The cyclic AMP receptor protein (CRP) activates transcription of the Escherichia coli acs gene, which encodes an acetate-scavenging enzyme required for fitness during periods of carbon starvation. Two promoters direct transcription of acs, the distal acsP1 and the proximal acsP2. In this study, we demonstrated that acsP2 can function as the major promoter and showed by in vitro studies that CRP facilitates transcription by "focusing" RNA polymerase to acsP2. We proposed that CRP activates transcription from acsP2 by a synergistic class III mechanism. Consistent with this proposal, we showed that CRP binds two sites, CRP I and CRP II. Induction of acs expression absolutely required CRP I, while optimal expression required both CRP I and CRP II. The locations of these DNA sites for CRP (centered at positions -69.5 and -122.5, respectively) suggest that CRP interacts with RNA polymerase through class I interactions. In support of this hypothesis, we demonstrated that acs transcription requires the surfaces of CRP and the C-terminal domain of the alpha subunit of RNA polymerase holoenzyme (alpha-CTD), which is known to participate in class I interactions: activating region 1 of CRP and the 287, 265, and 261 determinants of the alpha-CTD. Other surface-exposed residues in the alpha-CTD contributed to acs transcription, suggesting that the alpha-CTD may interact with at least one protein other than CRP.

Independent regulation of the divergent Escherichia coli nrfA and acsP1 promoters by a nucleoprotein assembly at a shared regulatory region.

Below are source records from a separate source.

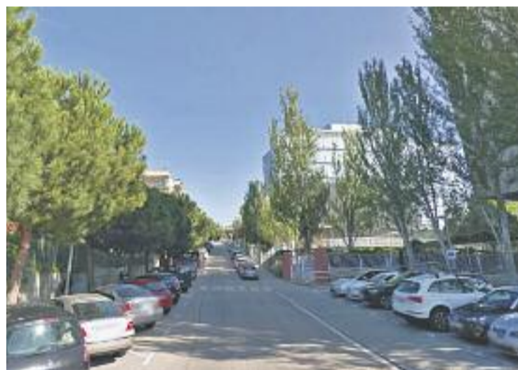
Un dels carrers afectats és el de Melcior Llavínés.

La petició de canvi de noms la va fer l'Associació de la Memòria Històrica i Democràtica del Baix Llobregat i es va acordar durant el Ple del passat novembre de l'any passat. Ara s'ha constituït una comissió que s'encarregarà d'impulsar la mesura.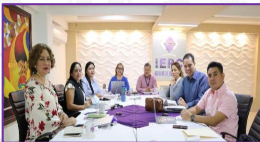
Reunión de trabajo de Consejeras y Consejeros Electorales del IEPC Guerrero.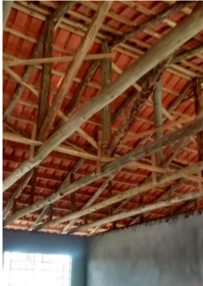
Figura 07: Armações vistas da parte interna do prédio.

e no depósito. No dia da visita o pessoal da obra estava executando acabamento aonde foram instaladas essas esquadrias. A pavimentação conforme verificada já estava executada bastando apenas os serviços de colocação do revestimento cerâmico.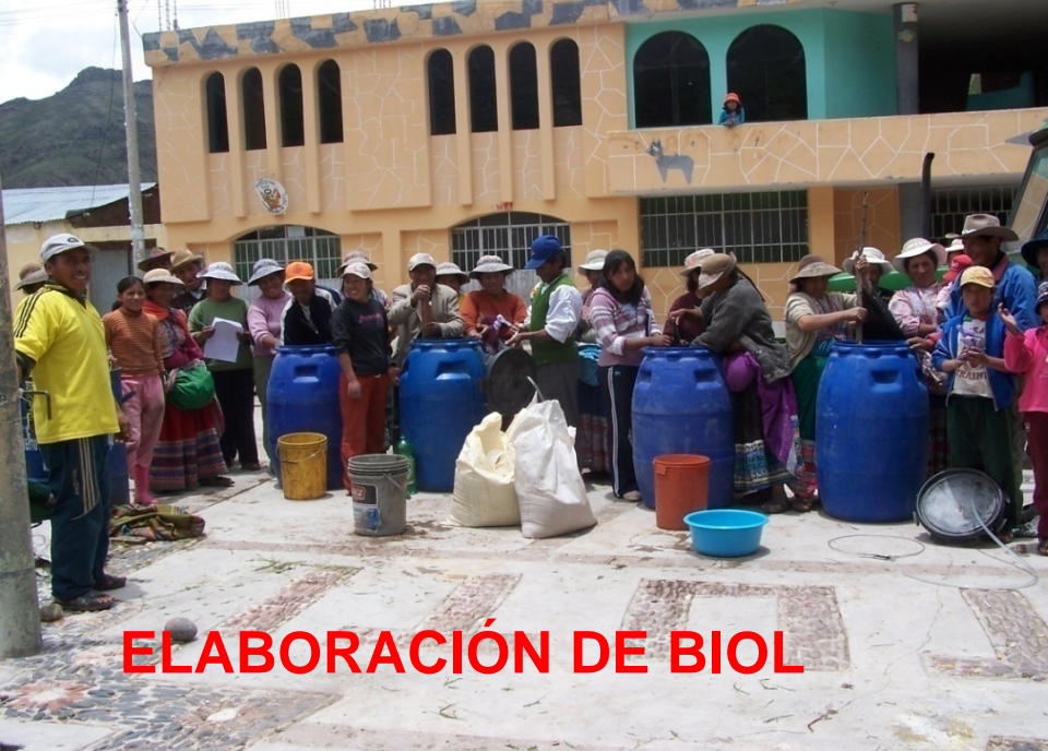
ELABORACIÓN DE BIOL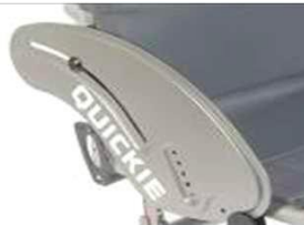
XFF040102 Из алюминия, устойчивое к воздействию низких температур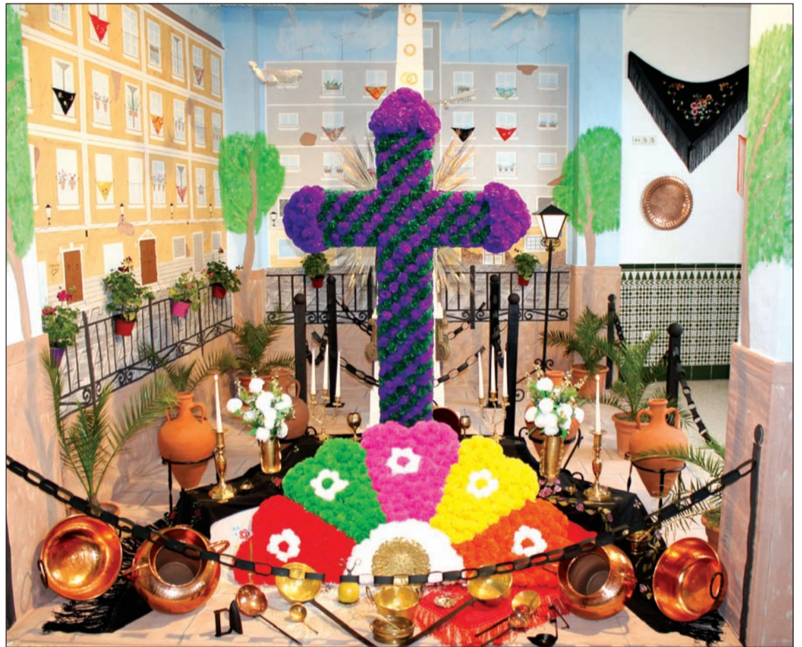
Cruz de Mayo de Avecija, primer premio del concurso del pasado año.

Los componentes del jurado entregarán el veredicto del XXVII Certamen Cruces de Mayo al secretario general de esta Federación, en sobre cerrado. Su decisión será inapelable.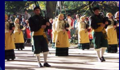
La Reina del Truebano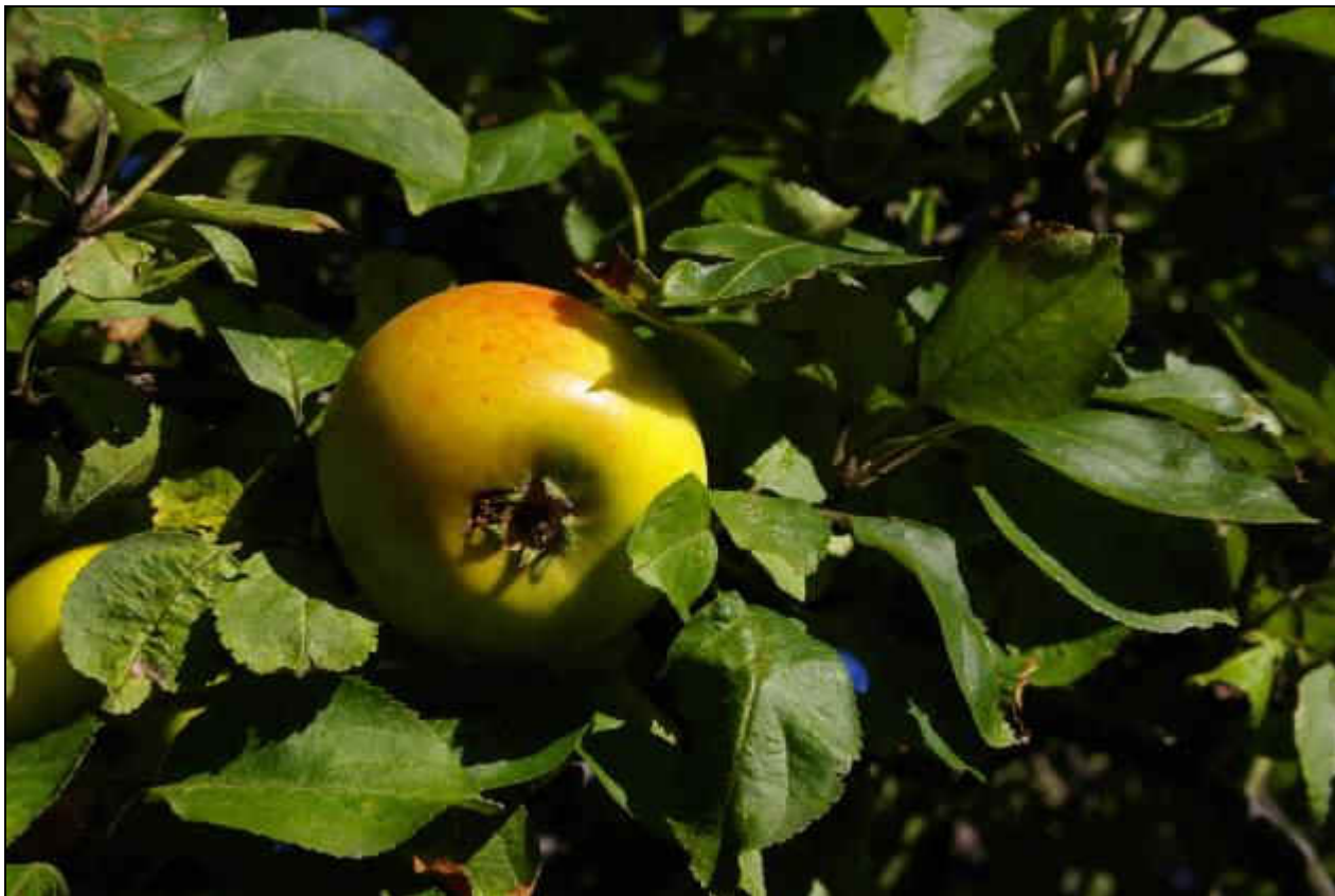
Foto: IMGP9061 Parména zlatá zimní Bor 3.jpg Projekt D 658/2008-Záchranné mapování ovocných stromů Karlovarska autor: Martin Lípa, říjen 2008 objekt: Parména zlatá v genofundové ploše - VKP alej u Boru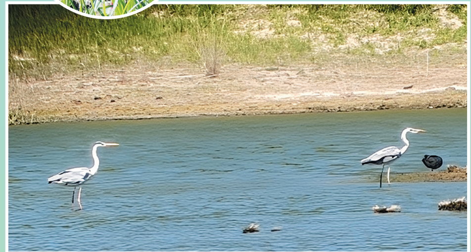
苍鹭,列入《世界自然保护联盟濒危物种红色名录》(IUCN)2019年 ver 3.1——无危(LC)。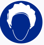
Dames haarnet verplicht Coiffe dames obligatoire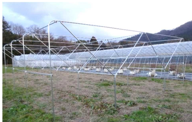
低樹高栽培用の簡易棚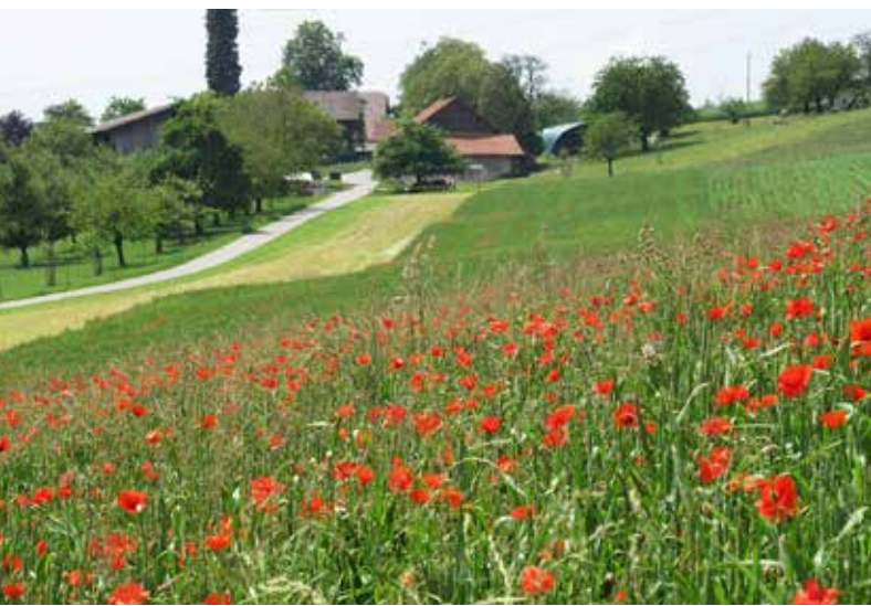
Abb. 1 | Bei einer Umstellung auf Biolandbau würden mindestens 50% der heute verwendeten Menge an Pflanzenschutzmitteln eingespart.

Auskünfte: Lucius Tamm, E-Mail: lucius.tamm@fibl.org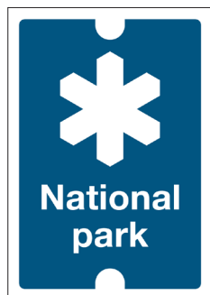
Gränsmarkeringsskylt Nationalpark Nr 101 70x100 mm

Gränsmarkeringar används i gränslinje för att ange typ av skyddat område.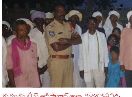
ముసురం భీమ్ ఆసిసాబాద్ జిల్లా సురక్ష ప్రతినిధి:

గుడుంబా తయారీ, విక్రయాలు నేరమని, ఇందులో పాల్గొంటే కఠిన చర్యలు తప్పవని హెచ్చరించారు. గంజాయి వినియోగం, రవాణా, విక్రయాలపై కూడా చట్టపరమైన చర్యలు తీసుకుంటామని తెలిపారు. రోడ్డు ప్రమాదాలు నివారించేందుకు హెల్మెట్ ధరించడం, మద్యం సేవించి వాహనం నడపకూడదని, ట్రాఫిక్ నిబంధనలు పాటించాలని సూచించారు. కార్యక్రమంలో గ్రామస్థులు, యువకులు పాల్గొన్నారు.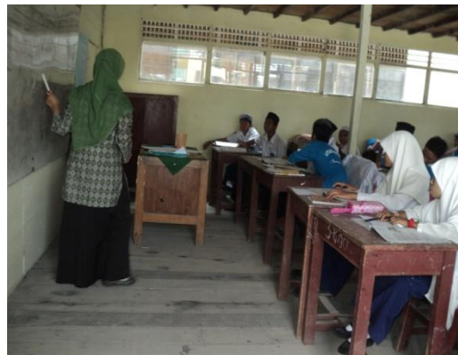
Gambar 4. 10. Memberikan contoh soal

Expression from the Escherichia coli nrfA promoter (pnrfA) is activated by both the FNR protein (an anaerobically triggered transcription activator) and the NarL or NarP proteins (transcription activators triggered by nitrite and nitrate). Under anaerobic conditions, FNR binds to a site centred at position -41.5 at pnrfA and activates transcription. Further activation, induced by the presence of nitrite, results from the binding of NarL and NarP to a site centred at position -74.5. A second promoter (pacsP1), which directs transcription into the adjacent gene encoding acetyl coenzyme A synthetase (acs), is overlapping and divergent to pnrfA. Despite extensive overlap of regulatory elements, pnrfA and pacsP1 are regulated independently. We demonstrate that at least two nucleoid-associated factors bind to the nrfA-acs intergenic region. The Fis protein binds to a site centred at position -15 (in relation to pnrfA transcription), whereas the IHF protein binds to a site centred at position -54. Both Fis and IHF repress in vivo expression from pacsP1, but have smaller repressive effects on expression from pnrfA. Gel retardation assays were used to investigate the pairwise binding of FNR, NarL, Fis and IHF proteins to the nrfA-acs intergenic region. The binding of NarL and IHF is mutually exclusive, whereas all other combinations can bind simultaneously. Experiments in which deletions and point mutations were introduced into the upstream region of pnrfA demonstrated that an additional factor must bind upstream to inhibit FNR-dependent transcription. We conclude that the nrfA-acs intergenic region is folded into an ordered nucleoprotein structure that permits the two divergent promoters to be regulated independently in response to different physiological signals.